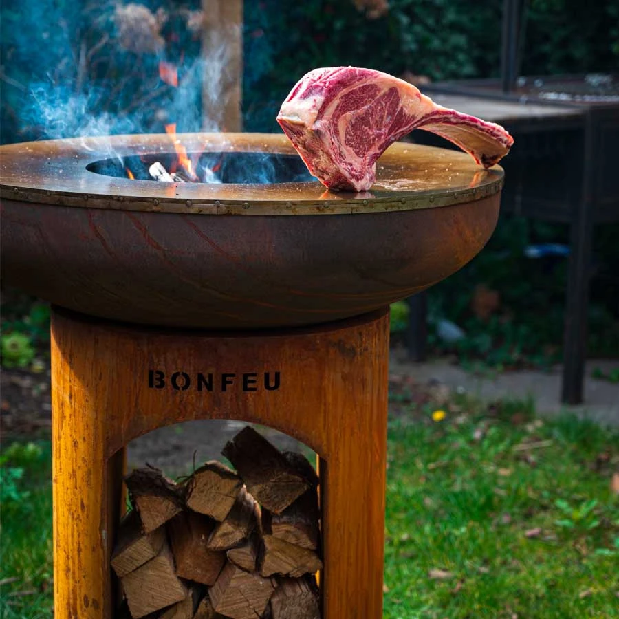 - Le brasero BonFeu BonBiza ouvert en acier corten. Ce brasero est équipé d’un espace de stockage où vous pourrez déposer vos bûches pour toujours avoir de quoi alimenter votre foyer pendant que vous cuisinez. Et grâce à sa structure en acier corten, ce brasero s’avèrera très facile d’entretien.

---

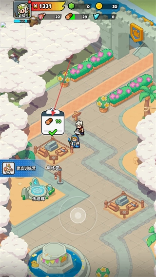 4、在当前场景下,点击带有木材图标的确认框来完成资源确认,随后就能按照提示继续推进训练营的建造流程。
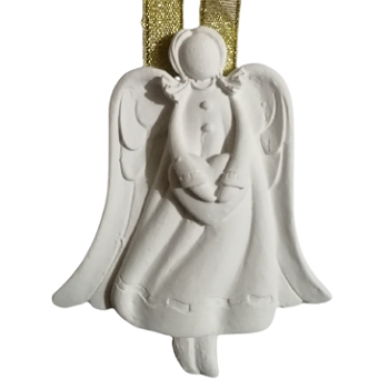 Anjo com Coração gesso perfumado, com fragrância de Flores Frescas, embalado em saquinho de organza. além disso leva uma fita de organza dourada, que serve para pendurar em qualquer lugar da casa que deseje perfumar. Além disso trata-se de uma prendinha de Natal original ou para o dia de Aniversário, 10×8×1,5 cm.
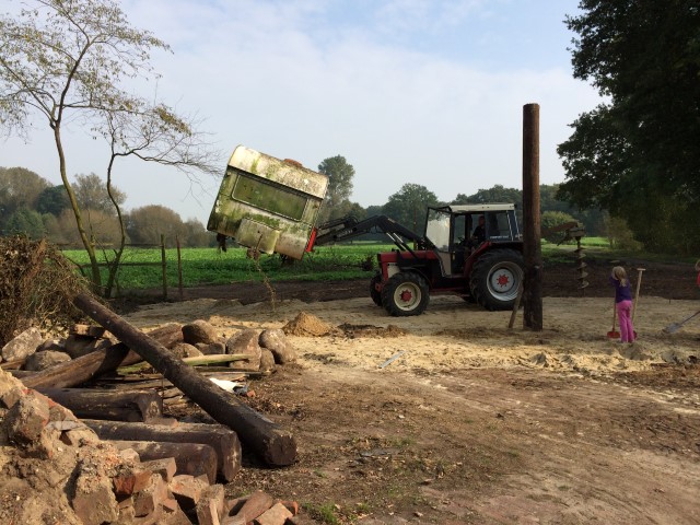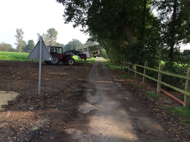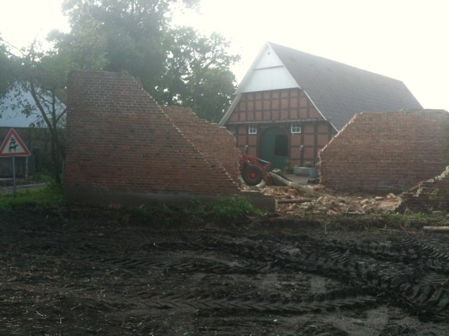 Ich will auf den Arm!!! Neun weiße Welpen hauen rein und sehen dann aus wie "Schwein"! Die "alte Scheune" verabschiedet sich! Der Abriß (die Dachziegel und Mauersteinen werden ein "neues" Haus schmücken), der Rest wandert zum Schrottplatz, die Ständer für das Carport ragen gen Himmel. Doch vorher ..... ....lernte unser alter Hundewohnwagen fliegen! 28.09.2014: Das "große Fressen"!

--

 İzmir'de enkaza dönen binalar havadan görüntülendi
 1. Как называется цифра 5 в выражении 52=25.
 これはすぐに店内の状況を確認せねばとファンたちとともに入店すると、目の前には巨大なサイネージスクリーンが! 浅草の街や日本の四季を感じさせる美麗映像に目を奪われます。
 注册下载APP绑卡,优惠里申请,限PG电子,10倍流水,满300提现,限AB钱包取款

Directions for this task | Reproduce exactly the lines above from the line with "İzmir'de enkaza dönen" to the line with "注册下载APP绑卡,优惠里申", including both, and add nothing.

Answer box |
 İzmir'de enkaza dönen binalar havadan görüntülendi
 1. Как называется цифра 5 в выражении 52=25.
 これはすぐに店内の状況を確認せねばとファンたちとともに入店すると、目の前には巨大なサイネージスクリーンが! 浅草の街や日本の四季を感じさせる美麗映像に目を奪われます。
 注册下载APP绑卡,优惠里申请,限PG电子,10倍流水,满300提现,限AB钱包取款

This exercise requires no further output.